**Data supplied**
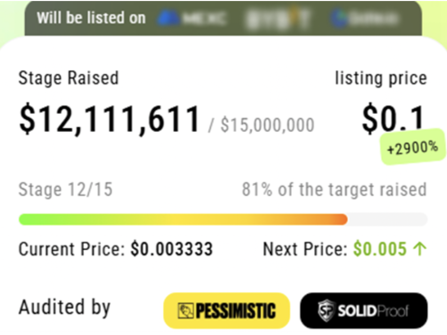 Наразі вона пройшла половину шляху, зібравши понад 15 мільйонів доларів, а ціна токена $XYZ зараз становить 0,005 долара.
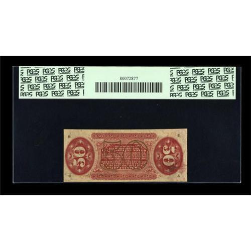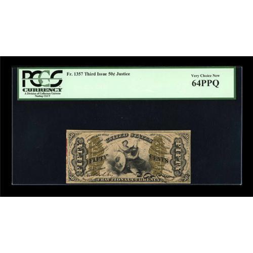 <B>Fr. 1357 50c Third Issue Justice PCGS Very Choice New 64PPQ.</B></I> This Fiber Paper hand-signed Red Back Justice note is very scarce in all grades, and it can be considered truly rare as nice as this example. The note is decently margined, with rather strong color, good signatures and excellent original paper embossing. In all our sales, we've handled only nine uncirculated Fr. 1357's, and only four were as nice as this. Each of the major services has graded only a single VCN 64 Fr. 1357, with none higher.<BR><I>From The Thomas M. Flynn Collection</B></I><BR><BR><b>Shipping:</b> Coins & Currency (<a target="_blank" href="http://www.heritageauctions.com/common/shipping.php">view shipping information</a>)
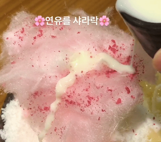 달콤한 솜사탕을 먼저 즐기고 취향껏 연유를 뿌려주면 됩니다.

* * *

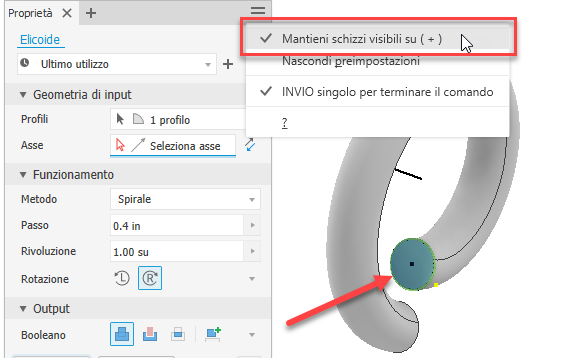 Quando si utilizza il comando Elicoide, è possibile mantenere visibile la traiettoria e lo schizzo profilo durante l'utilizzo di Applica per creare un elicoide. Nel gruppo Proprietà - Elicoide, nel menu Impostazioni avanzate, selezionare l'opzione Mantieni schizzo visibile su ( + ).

--

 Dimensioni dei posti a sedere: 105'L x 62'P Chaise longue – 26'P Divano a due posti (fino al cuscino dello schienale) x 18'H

**Directions for this task**
Would you please repeat only the lines above, beginning at the one that has "Наразі вона пройшла" and stopping after the one that has "달콤한 솜사탕을 먼저 즐기고 취향껏 연유를 뿌려주면 됩니다.", exactly and with no pictures?

**Finished task**
 Наразі вона пройшла половину шляху, зібравши понад 15 мільйонів доларів, а ціна токена $XYZ зараз становить 0,005 долара.
 <B>Fr. 1357 50c Third Issue Justice PCGS Very Choice New 64PPQ.</B></I> This Fiber Paper hand-signed Red Back Justice note is very scarce in all grades, and it can be considered truly rare as nice as this example. The note is decently margined, with rather strong color, good signatures and excellent original paper embossing. In all our sales, we've handled only nine uncirculated Fr. 1357's, and only four were as nice as this. Each of the major services has graded only a single VCN 64 Fr. 1357, with none higher.<BR><I>From The Thomas M. Flynn Collection</B></I><BR><BR><b>Shipping:</b> Coins & Currency (<a target="_blank" href="http://www.heritageauctions.com/common/shipping.php">view shipping information</a>)
 달콤한 솜사탕을 먼저 즐기고 취향껏 연유를 뿌려주면 됩니다.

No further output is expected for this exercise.